╭─ Data to examine
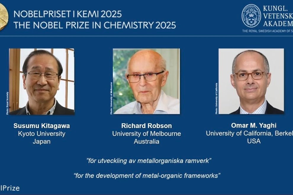 ఎడారి గాలి నుంచి స్వచ్ఛమైన నీటిని సేకరించడం, వాతావరణంలోని హానికర కర్బన ఉద్గారాలను బంధించడం వంటి అసాధారణ పనులకు వీలు కల్పించే వినూత్న ఆవిష్కరణకు ఈ ఏడాది రసాయన శాస్త్రంలో అత్యున్నత పురస్కారం లభించింది. 2025 సంవత్సరానికి గాను ప్రతిష్ఠాత్మక నోబెల్ బహుమతిని ముగ్గురు శాస్త్రవేత్తలు సంయుక్తంగా గెలుచుకున్నారు. జపాన్కు చెందిన సుసుము కిటగావా, ఆస్ట్రేలియాకు చెందిన రిచర్డ్ రాబ్సన్, అమెరికాకు చెందిన ఒమర్ ఎం. యాఘీలను ఈ పురస్కారానికి ఎంపిక చేసినట్టు రాయల్ స్వీడిష్ అకాడమీ ఆఫ్ సైన్సెస్ బుధవారం ప్రకటించింది.
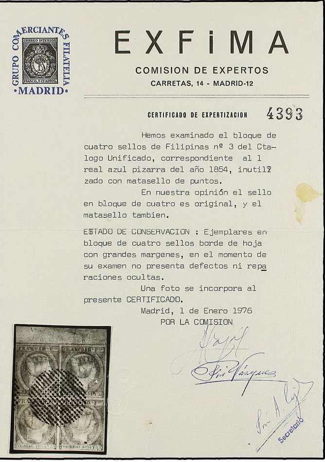 | Zusatzinformationen und Suchstichworte: | Soler y Llach - 788. Auktion 4. - 5. Juli 2023 Los 2581 Philippinen FILIPINAS. 1 real gris azulado (pos. 2, 3, 7, 8 de la hoja), mat. CÍRCULO DE PUNTOS. Bloque de cuatro, borde de hoja superior. ESPECTACULAR y MUY RARO en esta calidad. EX. BOKER. Cert. GRAUS y EXFIMA. Ed.3b (4) Ausruf 1.500,00 EUR |
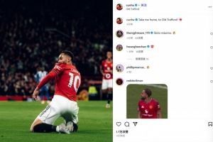 他也在赛后通过社媒晒出自己庆祝时亲吻队徽的照片,并配文:“带我回家,来老特拉福德!”
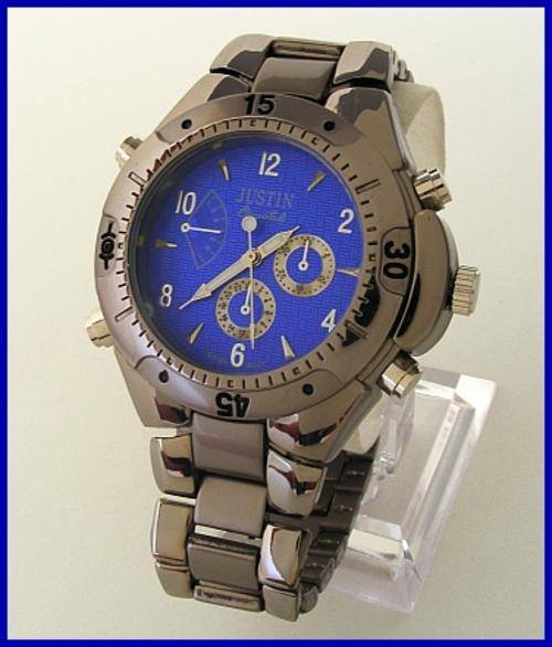 SILVER JUSTIN WATCH WITH BLUE FACE
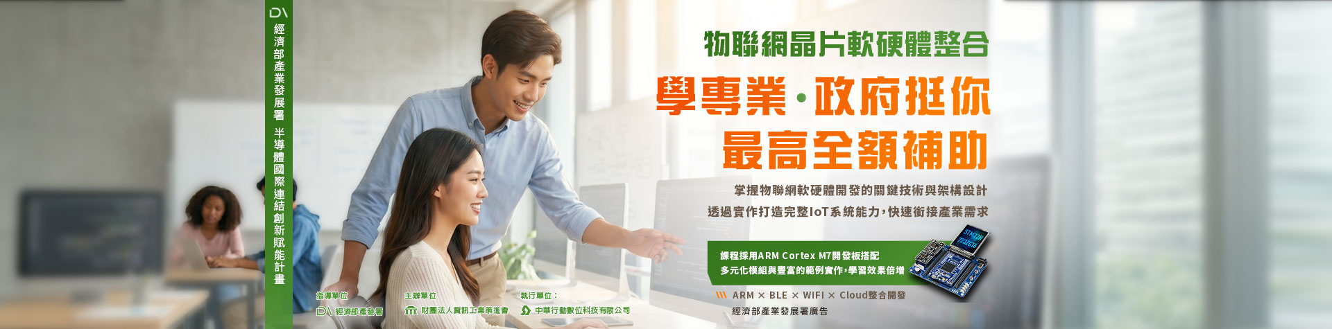 課程以ARM單晶片為核心,帶領學員系統化學習 **Wi-Fi 與藍牙(BLE 4.0)**的整合應用,並透過實作掌握物聯網雲端伺服器建置與通訊架構設計。課程採用高度整合的藍牙晶片(內建ARM Cortex-M核心與BLE4.0硬體協議堆疊),搭配本中心開發之周邊感測模組,深入解析物聯網通訊技術的原理與實務要點。學員將親自完成感測器資料擷取、無線傳輸、雲端通訊與系統整合,並透過 BLE 與 Android 手機進行資料交換與控制,建立從韌體到應用端的完整 物聯網軟硬體整合能力。
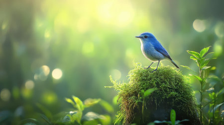 A blue bird is perched on a mossy rock in a lush green forest. The bird is small and he is looking up at something in the distance. The scene is peaceful and serene
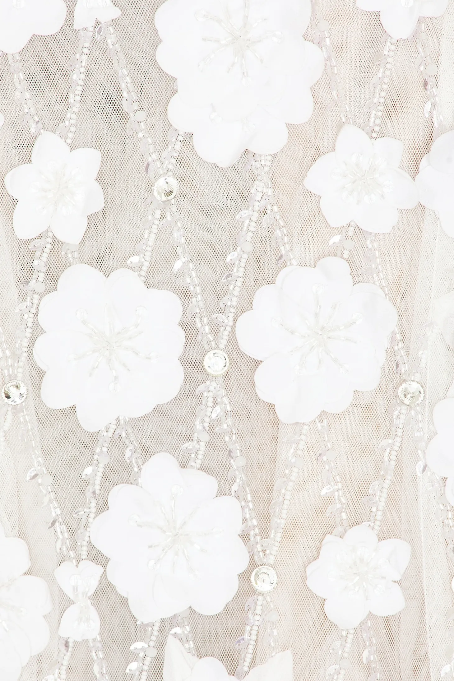 Self: 100% nylon Lining: 100% nylon Contrast: 50% polyester 45% nylon 5% elastane.Made in Inda.Dry clean only.Fully lined.Hidden back zipper closure
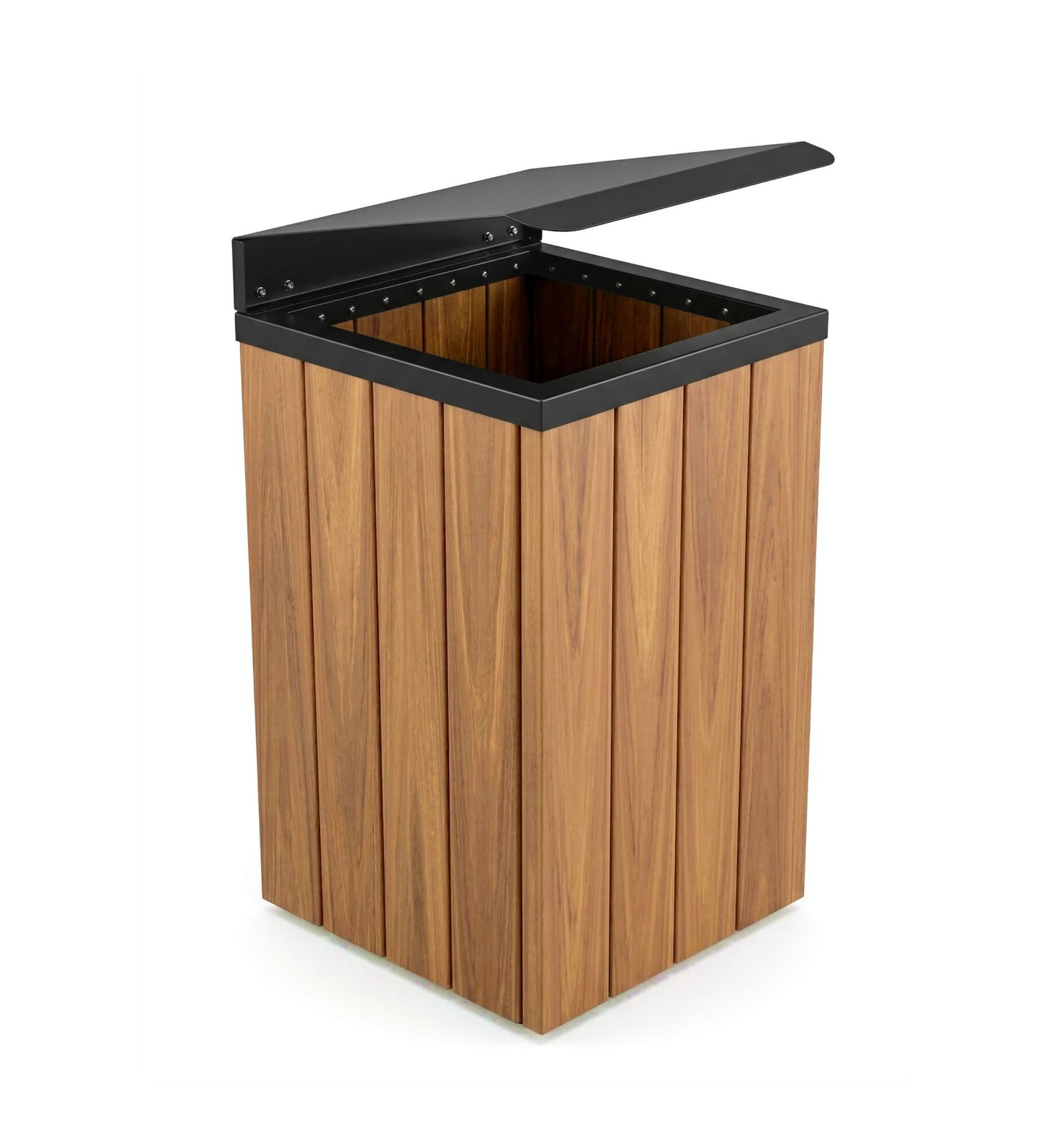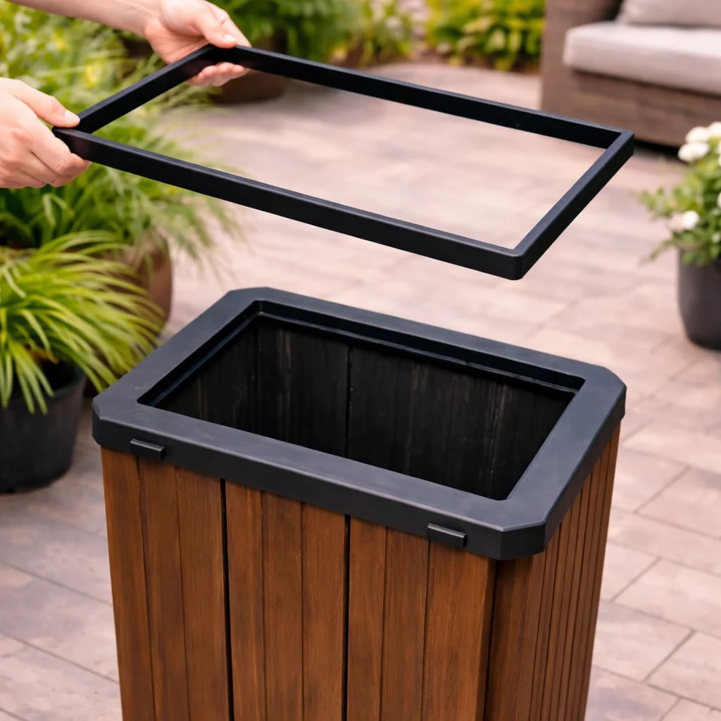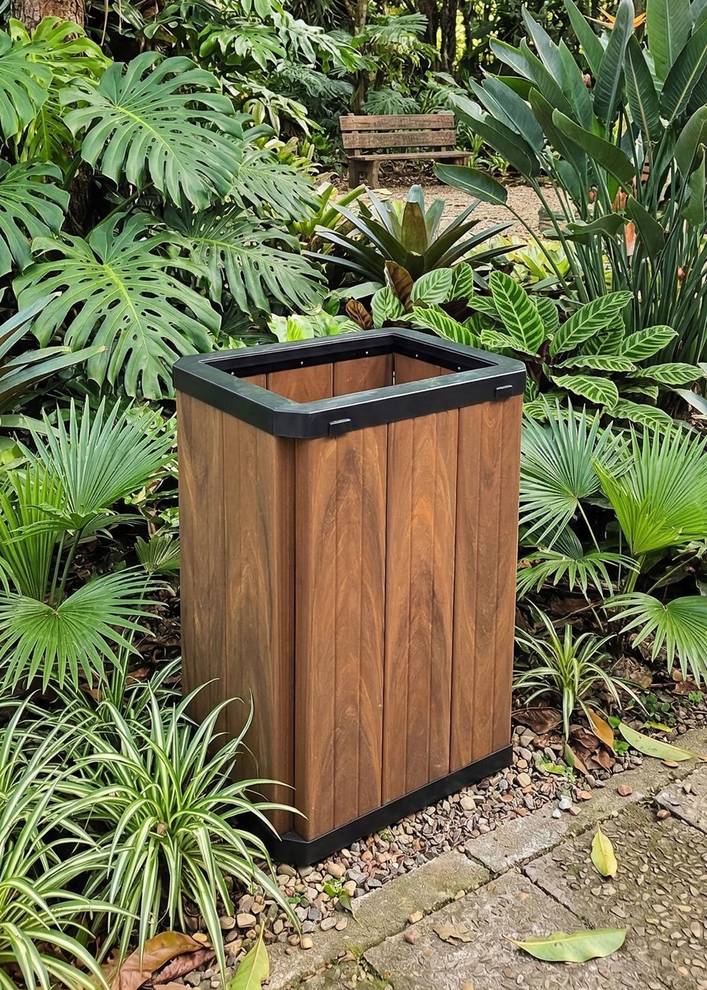 Utilizamos como estrutura da lixeira réguas de Madeira Plástica, seja nos modelos com perfis maciços ou encapsulada, o que possibilita acabamentos diferentes. As tampas e bases você pode escolher com material plástico ou em aço de carbono.
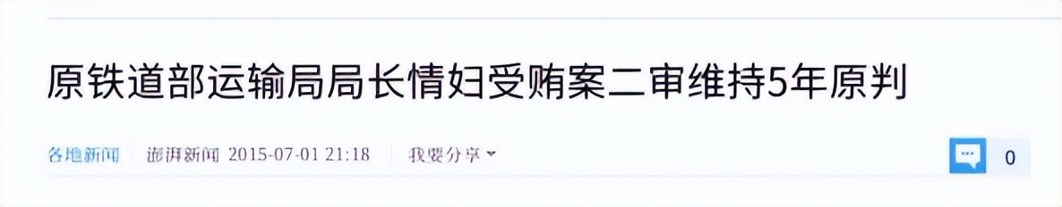 澎湃新闻:原铁道部运输局局长情妇受贿案二审维持5年原判
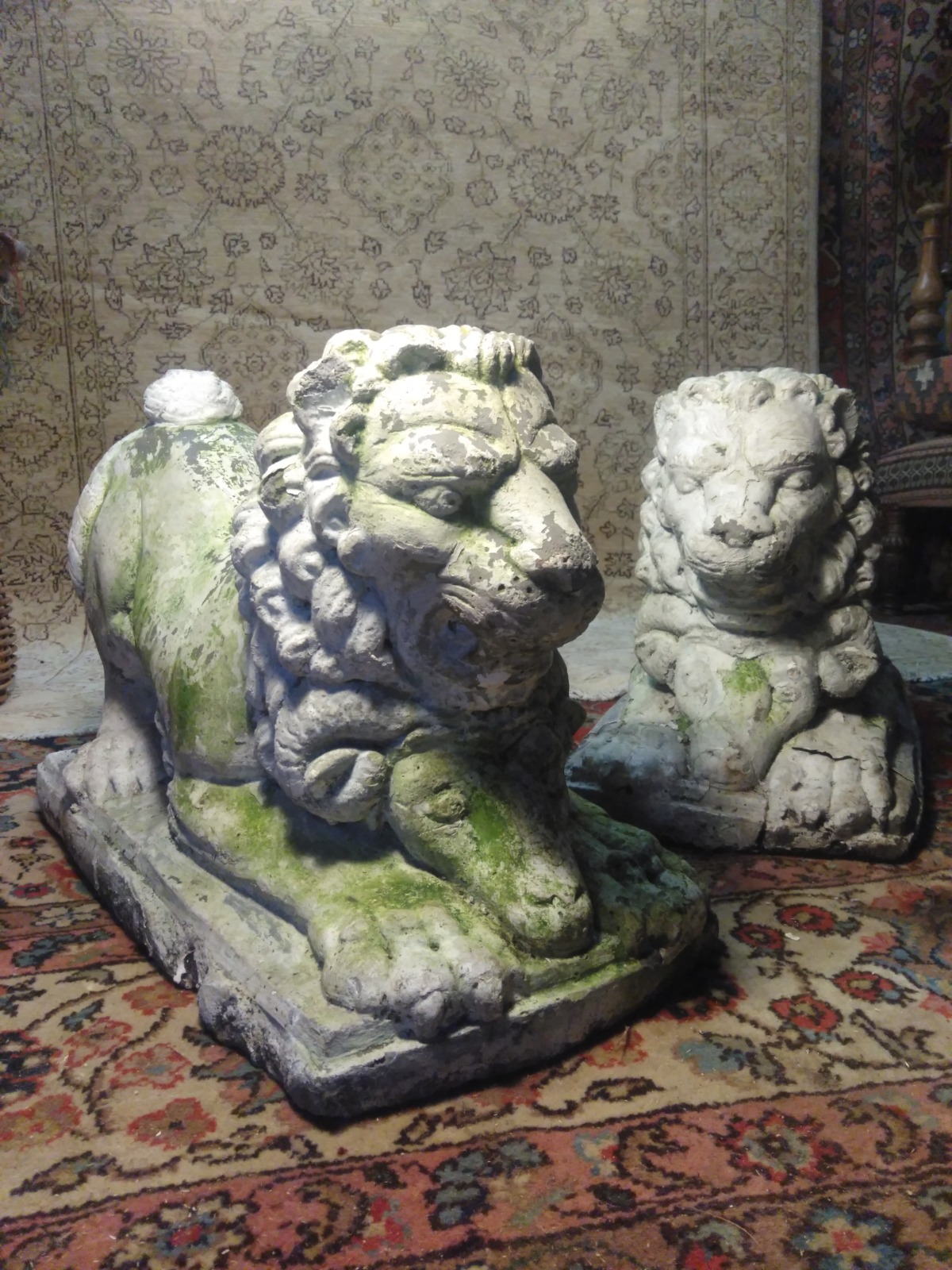 Large Pair of Early 20th Century Stone Lions with Ram Great Patina and Layers of Old Paint
╰─
● What to do:
Of the lines above, quote exactly those from the one with "他也在赛后通过社媒晒出自己庆" through the one with "澎湃新闻:原铁道部运输局局长情妇受贿案二审维持5年原判", ends included; pictures stay out.

● Result of the exercise:
 他也在赛后通过社媒晒出自己庆祝时亲吻队徽的照片,并配文:“带我回家,来老特拉福德!”
 SILVER JUSTIN WATCH WITH BLUE FACE
 課程以ARM單晶片為核心,帶領學員系統化學習 **Wi-Fi 與藍牙(BLE 4.0)**的整合應用,並透過實作掌握物聯網雲端伺服器建置與通訊架構設計。課程採用高度整合的藍牙晶片(內建ARM Cortex-M核心與BLE4.0硬體協議堆疊),搭配本中心開發之周邊感測模組,深入解析物聯網通訊技術的原理與實務要點。學員將親自完成感測器資料擷取、無線傳輸、雲端通訊與系統整合,並透過 BLE 與 Android 手機進行資料交換與控制,建立從韌體到應用端的完整 物聯網軟硬體整合能力。
 A blue bird is perched on a mossy rock in a lush green forest. The bird is small and he is looking up at something in the distance. The scene is peaceful and serene
 Self: 100% nylon Lining: 100% nylon Contrast: 50% polyester 45% nylon 5% elastane.Made in Inda.Dry clean only.Fully lined.Hidden back zipper closure
 Utilizamos como estrutura da lixeira réguas de Madeira Plástica, seja nos modelos com perfis maciços ou encapsulada, o que possibilita acabamentos diferentes. As tampas e bases você pode escolher com material plástico ou em aço de carbono.
 澎湃新闻:原铁道部运输局局长情妇受贿案二审维持5年原判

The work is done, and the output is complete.